# TASK ITEM
Using the material below, repeat exactly the lines from the one with "Купить Органайзер для" through the one with "Gratz Gusztáv: A", ends included, without any images.
= Beginning of Section =
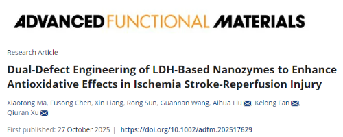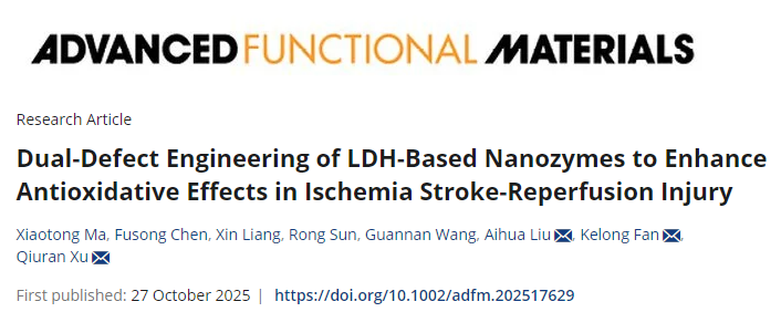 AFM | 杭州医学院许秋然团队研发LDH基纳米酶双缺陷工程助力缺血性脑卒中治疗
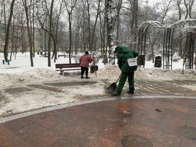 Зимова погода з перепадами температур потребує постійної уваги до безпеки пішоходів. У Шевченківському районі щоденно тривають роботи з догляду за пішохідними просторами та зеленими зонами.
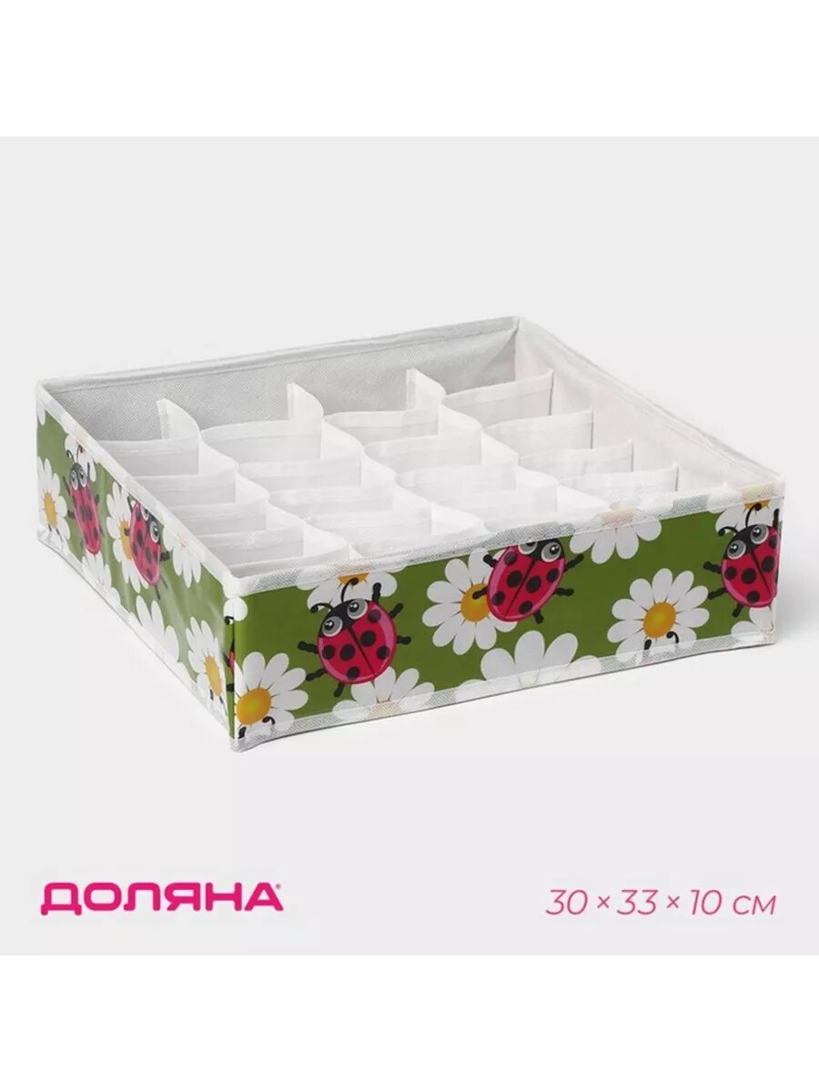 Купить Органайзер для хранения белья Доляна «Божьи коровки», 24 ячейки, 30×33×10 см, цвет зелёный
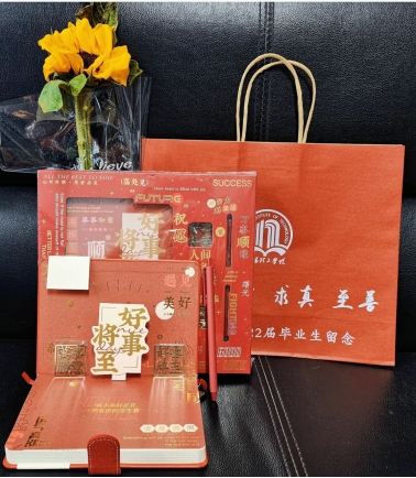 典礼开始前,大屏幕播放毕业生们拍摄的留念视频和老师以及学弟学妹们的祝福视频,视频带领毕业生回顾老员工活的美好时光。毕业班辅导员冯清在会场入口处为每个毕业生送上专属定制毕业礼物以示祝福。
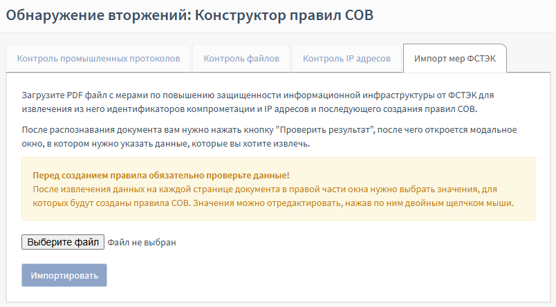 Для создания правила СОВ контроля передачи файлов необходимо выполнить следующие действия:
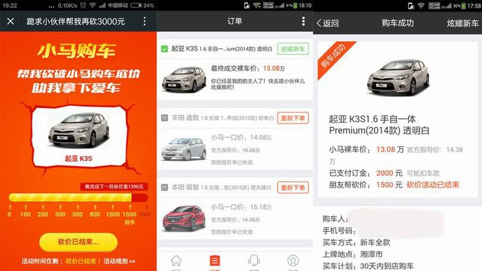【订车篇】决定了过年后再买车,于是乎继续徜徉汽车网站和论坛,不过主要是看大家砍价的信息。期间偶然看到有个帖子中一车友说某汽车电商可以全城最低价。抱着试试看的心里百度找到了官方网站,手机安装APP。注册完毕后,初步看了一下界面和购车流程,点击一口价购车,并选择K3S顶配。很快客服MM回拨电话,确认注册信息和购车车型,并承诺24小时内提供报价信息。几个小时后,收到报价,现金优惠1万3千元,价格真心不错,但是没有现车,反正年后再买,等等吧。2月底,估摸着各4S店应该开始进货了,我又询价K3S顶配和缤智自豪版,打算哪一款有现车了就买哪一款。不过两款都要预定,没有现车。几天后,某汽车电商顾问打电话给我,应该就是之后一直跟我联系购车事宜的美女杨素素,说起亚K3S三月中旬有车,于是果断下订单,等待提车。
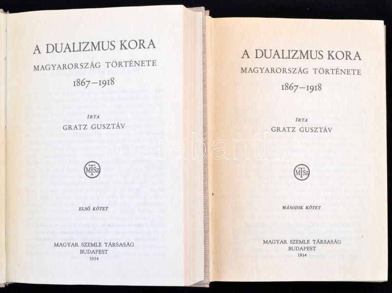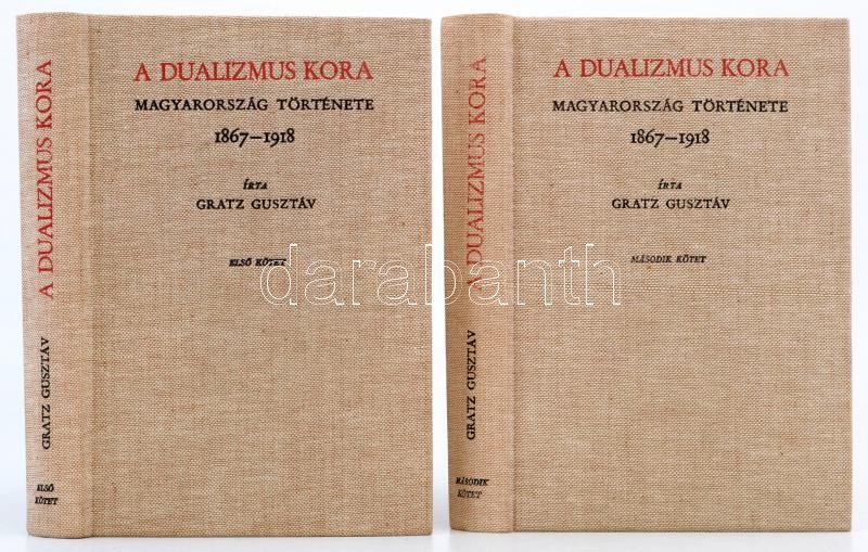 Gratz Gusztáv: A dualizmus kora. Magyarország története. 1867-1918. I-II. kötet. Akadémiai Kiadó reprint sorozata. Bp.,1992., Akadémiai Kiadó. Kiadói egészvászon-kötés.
= End of Section =
= Beginning of Section =
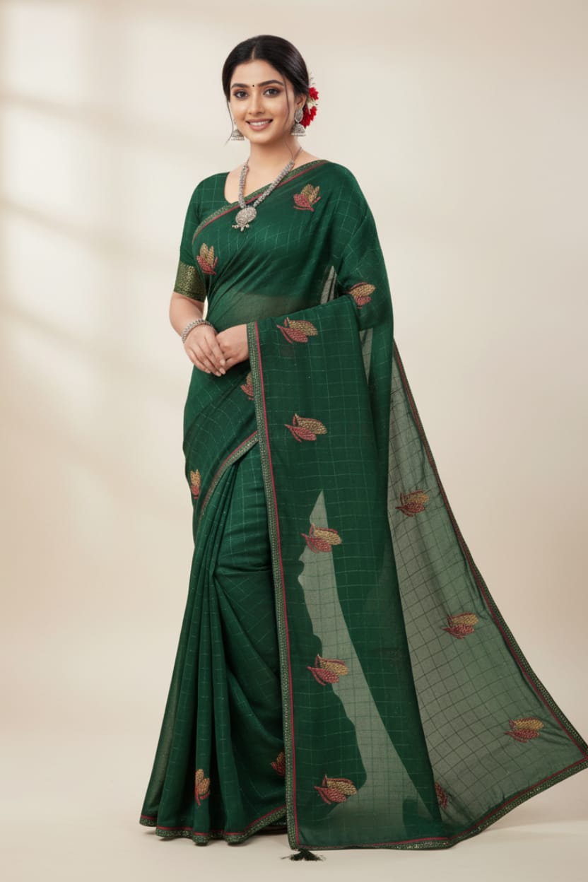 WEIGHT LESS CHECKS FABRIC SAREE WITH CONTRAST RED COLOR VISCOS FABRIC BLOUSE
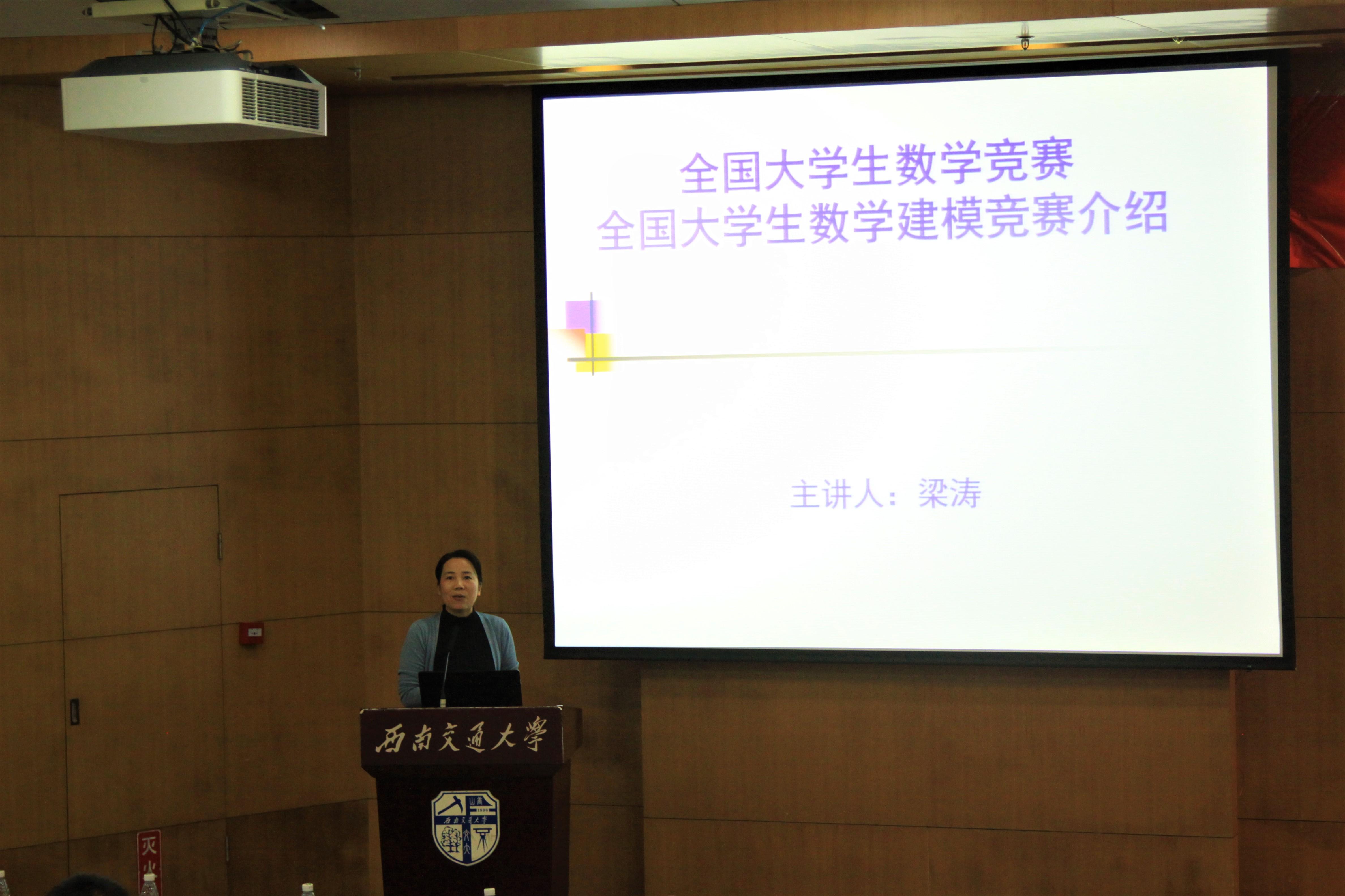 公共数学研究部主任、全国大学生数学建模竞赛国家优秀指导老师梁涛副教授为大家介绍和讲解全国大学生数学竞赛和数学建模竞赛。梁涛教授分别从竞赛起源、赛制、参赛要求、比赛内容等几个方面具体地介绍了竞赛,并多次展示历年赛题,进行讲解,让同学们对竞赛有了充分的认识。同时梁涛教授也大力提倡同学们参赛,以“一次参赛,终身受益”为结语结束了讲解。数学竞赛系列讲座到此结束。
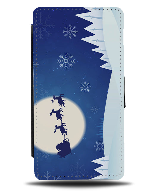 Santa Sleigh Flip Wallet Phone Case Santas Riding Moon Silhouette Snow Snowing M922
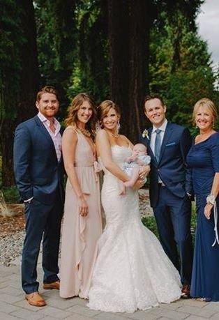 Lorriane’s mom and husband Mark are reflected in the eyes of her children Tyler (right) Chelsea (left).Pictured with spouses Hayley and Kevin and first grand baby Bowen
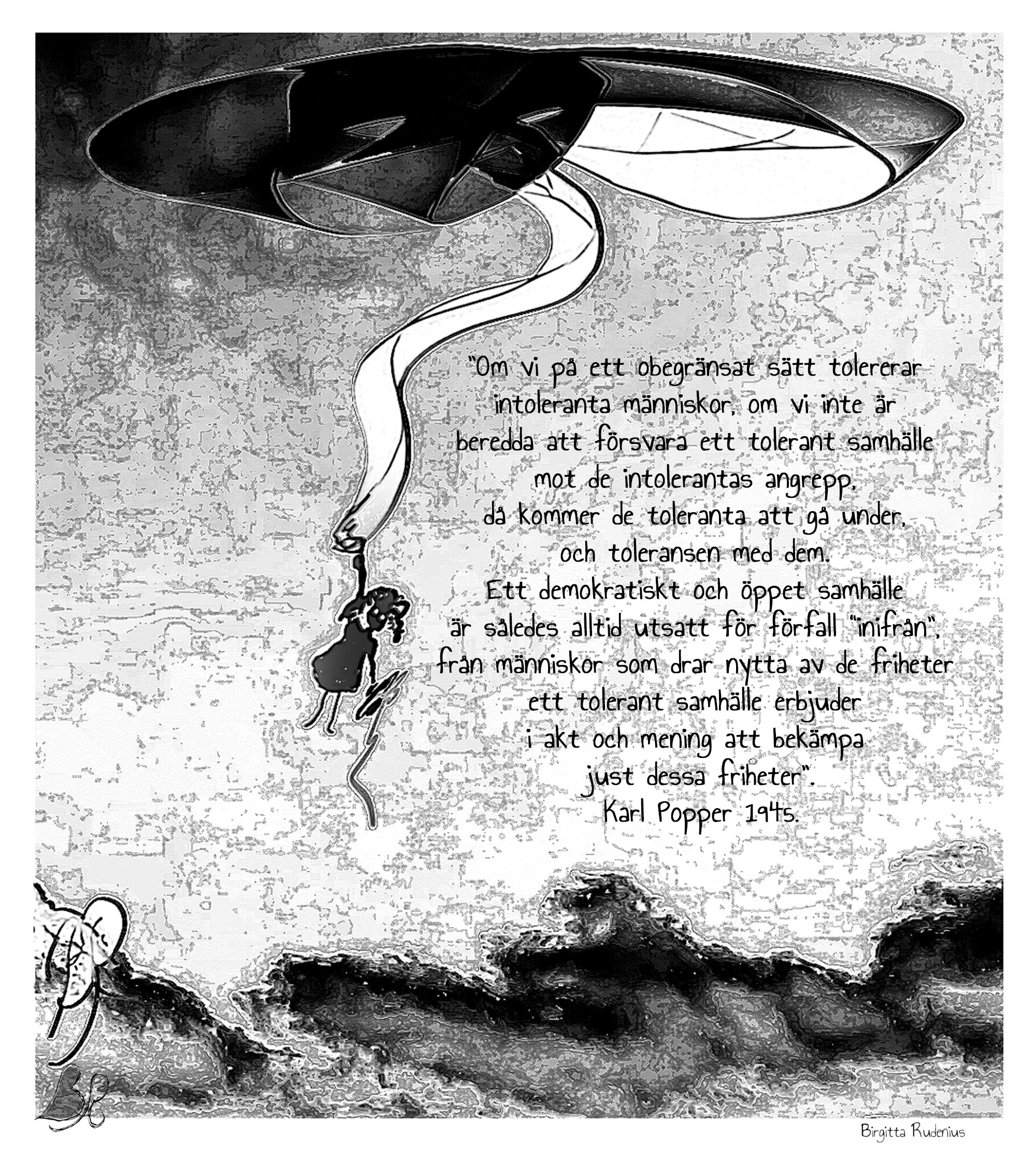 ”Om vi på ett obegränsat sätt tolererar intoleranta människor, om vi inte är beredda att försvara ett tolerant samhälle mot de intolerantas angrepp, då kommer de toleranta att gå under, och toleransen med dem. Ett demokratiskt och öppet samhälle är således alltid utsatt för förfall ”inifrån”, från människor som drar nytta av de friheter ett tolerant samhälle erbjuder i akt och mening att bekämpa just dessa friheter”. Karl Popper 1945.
= End of Section =
# YOUR RESPONSE
 Купить Органайзер для хранения белья Доляна «Божьи коровки», 24 ячейки, 30×33×10 см, цвет зелёный
 典礼开始前,大屏幕播放毕业生们拍摄的留念视频和老师以及学弟学妹们的祝福视频,视频带领毕业生回顾老员工活的美好时光。毕业班辅导员冯清在会场入口处为每个毕业生送上专属定制毕业礼物以示祝福。
 Для создания правила СОВ контроля передачи файлов необходимо выполнить следующие действия:
【订车篇】决定了过年后再买车,于是乎继续徜徉汽车网站和论坛,不过主要是看大家砍价的信息。期间偶然看到有个帖子中一车友说某汽车电商可以全城最低价。抱着试试看的心里百度找到了官方网站,手机安装APP。注册完毕后,初步看了一下界面和购车流程,点击一口价购车,并选择K3S顶配。很快客服MM回拨电话,确认注册信息和购车车型,并承诺24小时内提供报价信息。几个小时后,收到报价,现金优惠1万3千元,价格真心不错,但是没有现车,反正年后再买,等等吧。2月底,估摸着各4S店应该开始进货了,我又询价K3S顶配和缤智自豪版,打算哪一款有现车了就买哪一款。不过两款都要预定,没有现车。几天后,某汽车电商顾问打电话给我,应该就是之后一直跟我联系购车事宜的美女杨素素,说起亚K3S三月中旬有车,于是果断下订单,等待提车。
 Gratz Gusztáv: A dualizmus kora. Magyarország története. 1867-1918. I-II. kötet. Akadémiai Kiadó reprint sorozata. Bp.,1992., Akadémiai Kiadó. Kiadói egészvászon-kötés.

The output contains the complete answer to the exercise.